Sözleşme taraflarının karşılıklı olarak hem alacaklı hem de borçlu olduğu bu hukuki ilişkide, tacir olan veya olmayan herkes bu sözleşmeyi yapabilmektedir. Diğer bir deyişle, sözleşme taraflarının tacir olma zorunluluğu bulunur, tacir olmayan iki kişi de yapabilmektedir. Fakat, cari hesap konusu Türk Ticaret Kanunu’nda düzenlendiği için taraflar tacir olmasa dahi aralarındaki ilişkiden dolayı ticari iş kapsamında değerlendirilecek olup ilgili kanunun cari hesap konusunun düzenlendiği hükümlerine tabi olacaklardır. Yeniden bir tanım yapmak gerekirse, sürekli bir ticari ilişki içerisinde olan ve tarafların tacir olup olmadığı önem arz etmeksizin yazılı olarak yaptığı cari hesap konulu işleme sözleşme denmektedir.

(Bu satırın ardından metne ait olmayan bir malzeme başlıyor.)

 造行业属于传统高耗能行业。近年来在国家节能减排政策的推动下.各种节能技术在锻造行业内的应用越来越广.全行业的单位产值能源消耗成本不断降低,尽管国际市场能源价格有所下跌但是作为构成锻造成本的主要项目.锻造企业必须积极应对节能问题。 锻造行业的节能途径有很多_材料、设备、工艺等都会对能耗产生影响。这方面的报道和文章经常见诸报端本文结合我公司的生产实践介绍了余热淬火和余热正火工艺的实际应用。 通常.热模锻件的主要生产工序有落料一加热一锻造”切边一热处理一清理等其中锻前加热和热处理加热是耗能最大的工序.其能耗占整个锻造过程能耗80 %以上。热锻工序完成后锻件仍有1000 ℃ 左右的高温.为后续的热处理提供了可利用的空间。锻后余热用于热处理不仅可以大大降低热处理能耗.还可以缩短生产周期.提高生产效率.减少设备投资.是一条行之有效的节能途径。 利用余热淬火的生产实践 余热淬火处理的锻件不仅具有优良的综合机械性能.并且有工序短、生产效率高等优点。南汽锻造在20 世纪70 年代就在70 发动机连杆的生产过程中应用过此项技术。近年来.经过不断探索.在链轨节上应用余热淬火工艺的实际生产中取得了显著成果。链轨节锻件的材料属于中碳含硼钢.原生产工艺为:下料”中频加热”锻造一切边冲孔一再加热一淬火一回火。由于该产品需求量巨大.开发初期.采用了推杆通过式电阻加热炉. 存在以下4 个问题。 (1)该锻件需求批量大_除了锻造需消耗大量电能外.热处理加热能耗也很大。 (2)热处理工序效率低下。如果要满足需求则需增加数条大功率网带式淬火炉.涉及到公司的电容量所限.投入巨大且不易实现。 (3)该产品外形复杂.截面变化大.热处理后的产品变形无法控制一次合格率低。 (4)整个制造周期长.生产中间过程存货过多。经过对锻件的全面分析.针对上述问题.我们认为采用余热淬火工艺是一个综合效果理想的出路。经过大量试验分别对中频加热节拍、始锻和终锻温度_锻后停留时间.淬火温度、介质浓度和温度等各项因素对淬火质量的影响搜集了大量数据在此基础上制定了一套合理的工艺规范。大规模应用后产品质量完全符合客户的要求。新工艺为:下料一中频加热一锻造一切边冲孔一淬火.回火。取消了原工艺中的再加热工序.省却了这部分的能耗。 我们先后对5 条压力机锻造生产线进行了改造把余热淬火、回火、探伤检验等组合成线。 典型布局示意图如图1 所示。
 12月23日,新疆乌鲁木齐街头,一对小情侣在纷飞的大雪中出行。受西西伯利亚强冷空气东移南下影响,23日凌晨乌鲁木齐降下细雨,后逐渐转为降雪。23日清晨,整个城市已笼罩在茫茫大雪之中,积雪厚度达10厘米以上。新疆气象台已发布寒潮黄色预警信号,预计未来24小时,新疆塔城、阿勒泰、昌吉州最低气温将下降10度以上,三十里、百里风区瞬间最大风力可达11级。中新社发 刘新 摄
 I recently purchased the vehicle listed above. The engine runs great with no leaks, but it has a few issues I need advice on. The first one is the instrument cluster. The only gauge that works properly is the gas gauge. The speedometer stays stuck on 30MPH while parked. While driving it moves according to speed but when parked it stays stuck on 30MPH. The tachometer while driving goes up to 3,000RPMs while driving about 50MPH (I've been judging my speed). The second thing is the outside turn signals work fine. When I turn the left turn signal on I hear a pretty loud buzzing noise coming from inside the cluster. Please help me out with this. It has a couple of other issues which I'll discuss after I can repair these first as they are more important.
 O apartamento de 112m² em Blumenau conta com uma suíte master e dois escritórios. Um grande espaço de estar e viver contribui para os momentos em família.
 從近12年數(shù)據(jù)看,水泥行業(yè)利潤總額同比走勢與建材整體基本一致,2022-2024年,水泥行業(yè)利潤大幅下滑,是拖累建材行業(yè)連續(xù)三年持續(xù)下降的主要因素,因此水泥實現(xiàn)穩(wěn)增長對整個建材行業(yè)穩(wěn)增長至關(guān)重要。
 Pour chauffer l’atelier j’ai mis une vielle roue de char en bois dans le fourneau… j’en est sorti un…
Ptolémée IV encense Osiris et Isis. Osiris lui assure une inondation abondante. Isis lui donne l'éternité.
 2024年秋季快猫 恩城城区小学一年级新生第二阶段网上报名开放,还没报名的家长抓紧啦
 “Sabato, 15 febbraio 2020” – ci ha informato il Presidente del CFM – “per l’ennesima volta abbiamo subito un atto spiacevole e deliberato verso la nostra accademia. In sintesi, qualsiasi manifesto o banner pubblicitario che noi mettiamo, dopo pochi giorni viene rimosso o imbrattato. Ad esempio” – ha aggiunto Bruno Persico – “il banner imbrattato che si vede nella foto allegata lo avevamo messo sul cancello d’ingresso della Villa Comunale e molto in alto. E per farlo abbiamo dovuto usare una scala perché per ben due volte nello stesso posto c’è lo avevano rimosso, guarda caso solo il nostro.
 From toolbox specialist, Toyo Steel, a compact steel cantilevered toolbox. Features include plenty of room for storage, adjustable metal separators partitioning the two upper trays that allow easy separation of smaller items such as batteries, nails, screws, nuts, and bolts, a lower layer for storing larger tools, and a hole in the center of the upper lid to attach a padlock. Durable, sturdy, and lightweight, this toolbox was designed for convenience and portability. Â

Cari Hesap Sözleşmesinin Sona Erdiği Haller Nelerdir?

Sözleşme’nin sona ermesi taraflarca kararlaştırılan sürenin tamamlanması halinde gerçekleşebilir. Bununla beraber, taraflarca yapılan sözleşme kapsamında bir süre belirlenmemiş ise taraflardan herhangi birinin fesih ihbarında bulunması ile sonlanabilir. Bahsi geçen tarafların birinin iflası sebebiyle de sözleşme kendiliğinden hükmünü yitirmiş olur. Değinmek gerekir ki, süreli sözleşme yapan taraflardan birinin sözleşme süresi dahilinde ölüm veya kısıtlılık (akıl zayıflığı, madde bağımlılığı vb.) durumları meydana gelirse her iki taraf ve kanuni temsilcileriyle halefleri on gün önceden bildirmek koşulu ile sözleşmeyi feshedebilir. Fakat, artan tutarın ödenmesi, hesabın Cari Hesap Bakiyesi başlığı altında değinilen usulünce kapatılması gereken tarihte istenir.

Sözleşme Zamanaşımına Uğrar Mı?

Sözleşme, Türk Ticaret Kanunu'nun ilgileri hükümleri uyarınca sözleşmenin sona erdiği tarihin üzerinden beş yıl geçmesi ile zamanaşımına uğramaktadır.